You may be sorry you asked.
Let's say that Abdul the Terrorist takes 250 anthraxed envelopes and drops them into the mailbox.
They get picked up and dropped into a large sack. The sack gets emptied onto a table at the post office.
Fred the Postal Worker then picks each one up, and drops it into the sorting machine.
Each envelope has two things in common: 1) they all go down different routes, to different addresses, handled once by each postal worker along the way, and 2) they each are handled by Fred the Postal Worker.
Fred the Postal Worker receives 250 times the exposure of any other person involved in handling the envelopes. (I did not include the carrier who removed them from the mailbox, because he handled them as a unit, rather than shuffling individual envelopes around.)
Obviously this is A) conjecture, and B) rather simplified from whatever actual procedures are involved. I haven't been a postal worker for over 30 years. But I do believe that there are likely a few people in the handling chain who receive a much greater exposure -- by virtue of handling more than one envelope involved in a mass mailing.

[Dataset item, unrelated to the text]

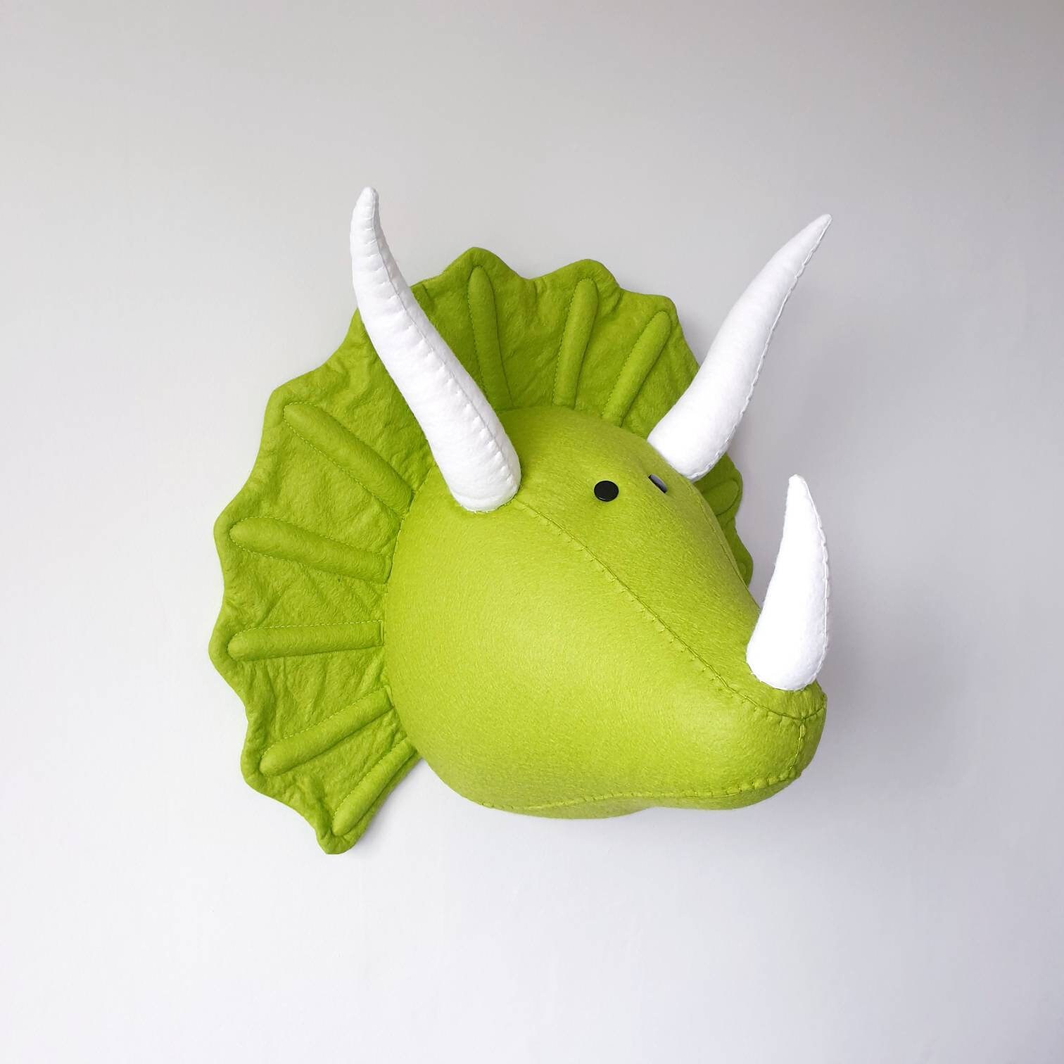 Triceratops Faux Taxidermy Dinosaur Green Felt Wall Etsy Osterreich

The implication, of course, is that if this scenario is correct, there will be a lot of recipients of tainted envelopes.
As Drudge says, developing...
Hmmm, could be you are brilliant.
Seems to me the sh!t is about to hit the fan. Why? Because the nano-second that Daschle's office got the letter, the entire US Capitol work force got on Cipro. Questions being asked include:"Would it not be logical to trace back immediately the route this letter had taken, which would have resulted in the Brentwood postal workers getting treatment?" and "Isn't this negligence?"
I wonder if this would have been intentional. I can see how the post office would be where inhalational anthrax would be most likely because of the way the letters are dumped out and sorted.